One test in particular needs to know how times the program runs a certain function (which parses a particular response message). When that function runs it issues a log and increments a counter variable. The automated test currently determines the number of invocations by grepping in the log file for the log message, and counting the number of occurrences before and after the test. This isn't ideal, because the logs (syslog-ng) aren't guaranteed, and they're frequently turned off by configuration, because they're basically debug logs.
I'm looking for a better alternative. I can change the program to enhance the testability, but it shouldn't be heavy impact to normal operation. My first thought was, I could just read the counter after each test. Something like this:
gdb --pid=$PID --batch -ex "p numServerResponseX"
That's slow when it runs, but it's good because the program doesn't need to be changed at all. With a little work, I could probably write a ptrace command to do this a little more efficiently.

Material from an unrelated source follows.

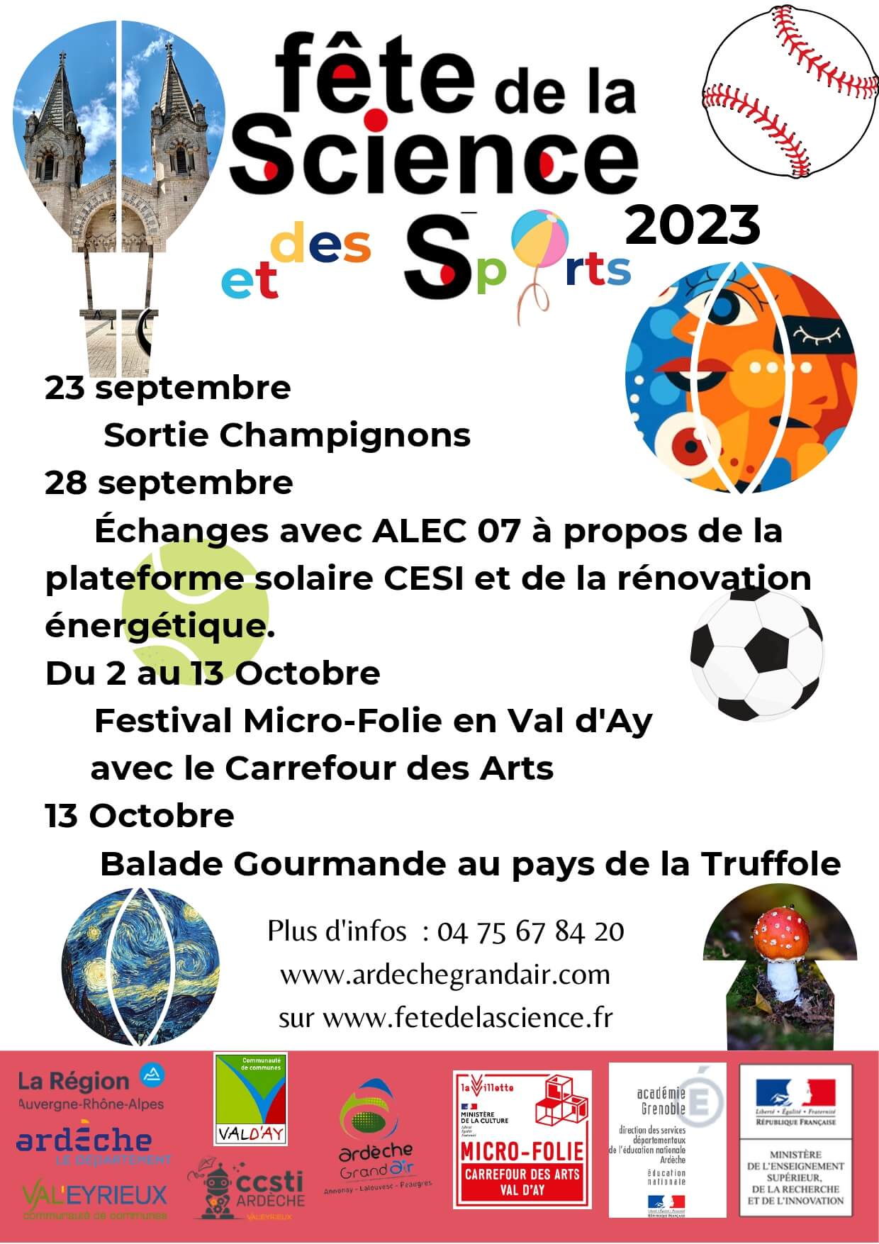 Dans le cadre de la fête de la science, l’Office de tourisme du Val d’Ay est partenaire d’ALEC 07 (Agence Locale de l’Énergie et du Climat de l’Ardèche), qui propose un événement, à destination des professionnels autour de la rénovation énergétique pour adapter son établissement aux variations de température pour un tourisme 4 saisons à Lalouvesc (à proximité de l’office de tourisme et dans la Maison Saint Régis), le jeudi 28 septembre sur inscription .

But I'm wondering if there isn't a simpler way to do this. Could I write the counter to shared memory (with shm_open / mmap), and then read /dev/shm in the bash script? Is there some simpler way I could setup the counter to make it easy to read, without making it slow to increment?
Edit:
Details: The test setup is like this:
testScript <-> sipp <-> programUnderTest <-> externalServer
The bash testScript injects sip messages with sipp, and it generally determines success or failure based on the completion code from sipp. But in certain tests it needs to know the number of responses the program received from the external server. The function "processServerResponseX" processes certain responses from the external server. During the testing there isn't much traffic running, so the function is only invoked perhaps 20 times over 10 seconds. When each test ends and we want to check the counter, there should be essentially no traffic. However during normal operation, it might be invoked hundreds of times a second. The function is roughly:
unsigned long int numServerResponseX;
int processServerResponseX(DMsg_t * dMsg, AppId id)
{
if (DEBUG_ENABLED)
{
syslog(priority, "%s received %d", __func__, (int) id);
}
myMutex->getLock();
numServerResponseX++;
doLockedStuff(dMsg, id);
myMutex->releaseLock();
return doOtherStuff(dMsg, id);
}
The script currently does:
grep processServerResponseX /var/log/logfile | wc -l
and compares the value before and after. My goal is to have this work even if DEBUG_ENABLED is false, and not have it be too slow. The program is multi-threaded, and it runs on an i86_64 smp machine, so adding any long blocking function would not be a good solution.
4 Respuestas
3
I would have that certain function "(which parses a particular response message)" write (probably using fopen
luego fprintf
luego fclose
) some textual data somewhere.
That destination could be a FIFO (see fifo(7) ...) or a temporary file in a tmpfs
file system (which is a RAM file system), maybe /run/
If your C++ program is big and complex enough, you could consider adding some probing facilities (some means for an external program to query about the internal state of your C++ program) e.g. a dedicated web service (using libonión in a separate thread), or some interface to sistemad, o para D-autobús, or some remote procedure call service like ONC/RPC, JSON-RPC, etc, etc ...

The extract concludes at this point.